I think both of us were kind of looking the same direction in the same time. I had made those first sets of underwear because this was what I wanted to buy for myself. To buy something you’d wear not to be looked at but just to feel good. Underwear that women could wear and not be constricted; you could move in it, you could feel flexible. And Blandine and I were passionate from the beginning that we would do our best to make them in a sustainable way, and we wanted to do this at a price point people could afford, so they could own something that would last.
That wasn’t something that was being talked about a decade ago. First of all the conversation about women and their bodies weren’t happening like that. It was more like, should the models be 12 or should they be 18? In Europe if you said sustainable you were thinking women with herbs or something. Fashion didn’t want to align themselves with this.
Starting a Business
Marie-Louise
There was a huge learning curve. With my ex-husband, we had realized how important it was to grow a very good personal relationship with a factory, in a way that the factory and the brand would support each other. We had done all our production in Turkey where they had very quality cotton yarns and where they naturally had organic products, because they hadn’t been able to afford to use pesticides.
With Baserange, we began with Portugal, where she was familar and with Turkey, where I had relationships, but I also traveled to visit to so many tiny factories—out in fields, out in nowhere— to see who we could work well with. I’d sleep in dormitories, in hostels. We asked for certificates but we also learned to ask very detailed questions. Everything was new, down to the questions we learned to ask. I look at that period as establishing us.
Blandine
At Surface to Air there was a lot of negotiating with the factories—my boss was a little tough, we were all a little tough with them. It was very male-driven. This is not the way we work at Baserange. I completely changed my way of dealing with production. We were interested in building real relationships with factories, not just getting the best price.
Fair Trade
Marie-Louise
Blandine and I had a lot of discussions about how to communicate with our factories. At that time in fashion, there was a tendency to push factories like, “I want this, I need this, I’m paying you so I get what I want.” But we wanted an equal exchange.
So sometimes, for example, we’d ask, can we have this material and can we have organic and how can it be dyed.
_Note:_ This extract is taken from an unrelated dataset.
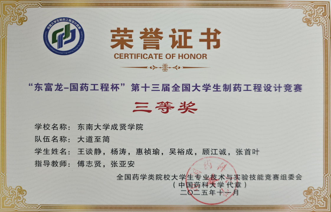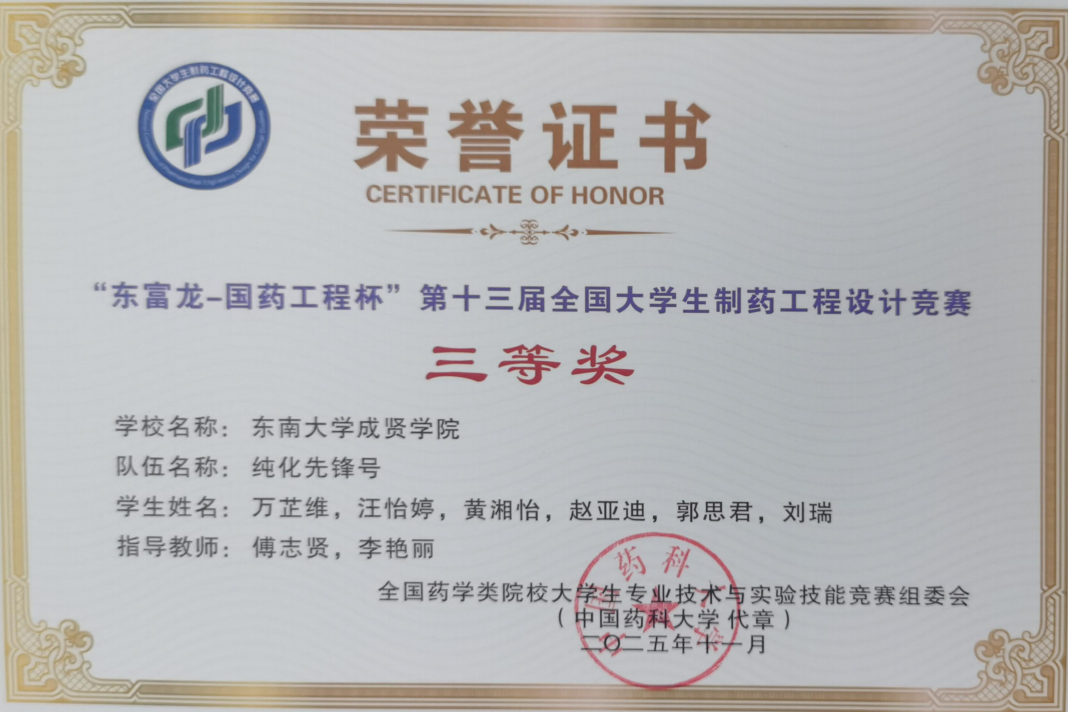 近日,“东富龙—国药工程杯”第十三届全国大学生制药工程设计竞赛落下帷幕。今年会共有2支队伍从全国191所高校的756支队伍中脱颖而出,荣获全国三等奖。
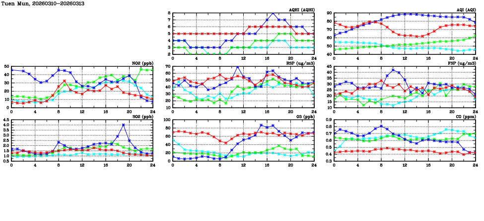 | Air Quality Data Time Series in Tuen Mun (2026/03/13) | ( Line colors: Day -3 Day -2 Day -1 Current day ) | 2D Map Current AQHI |

Using fabrics that were not dyed became big for us because then we knew it hadn’t been through another process. We had conversations about what was possible, every detail. If what we wanted didn’t exist or wasn’t possible, we’d say, can we find another way that works for us both.
Blandine
With each factory it’s different. In Turkey, we’ll often stay for a week—it’s a family-run factory and early on, the son, Tamir, explained a lot to us about the silk and linens and organic cottons they use. In France, it’s very similar—she supplies the yarns or she knows all the suppliers of the yarns. In Portugal, because of the language barrier, we work with an agent who can communicate with the factory. But it’s not the same as sitting down and having a lunch in Turkey.